» **Exercise aim**: Recreate the listing that follows line for line, without pictures.

» **Information supplied**:
▶

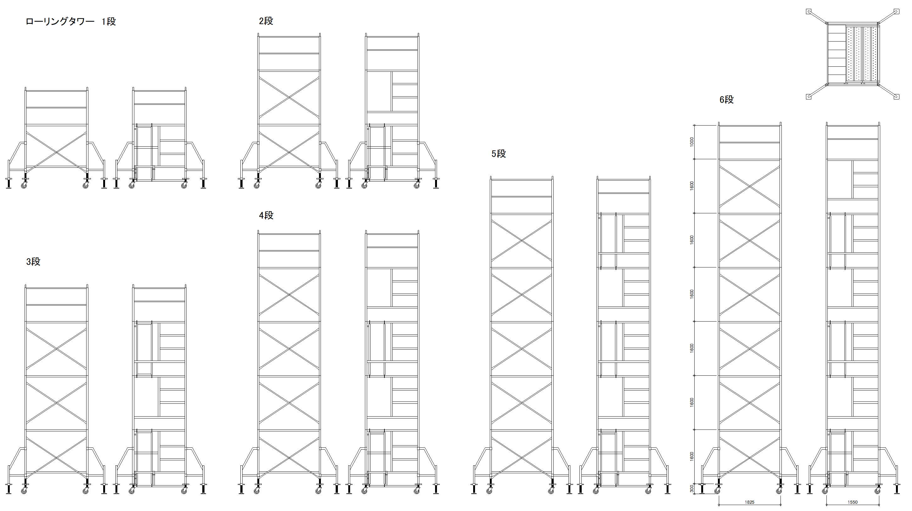 一般的なサイズのローリングタワー(可搬式足場)平面、立面の図面データです
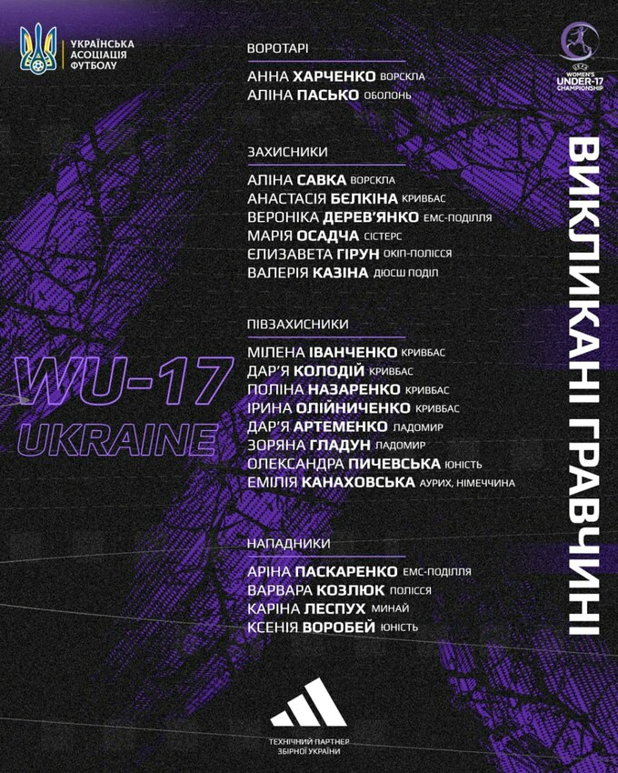 Определен состав девичьей сборной Украины WU-17, который будет участвовать в матчах второго раунда отбора Евро-2025 WU-17.
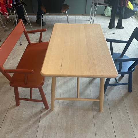 Super fint sæt, kan bruges både til børnebord og sofabord. Begge i sæbebehandlet eg, er dog lakeret for bedre holdbarhed.

◀

» **Written response**:
 一般的なサイズのローリングタワー(可搬式足場)平面、立面の図面データです
 Определен состав девичьей сборной Украины WU-17, который будет участвовать в матчах второго раунда отбора Евро-2025 WU-17.
 Super fint sæt, kan bruges både til børnebord og sofabord. Begge i sæbebehandlet eg, er dog lakeret for bedre holdbarhed.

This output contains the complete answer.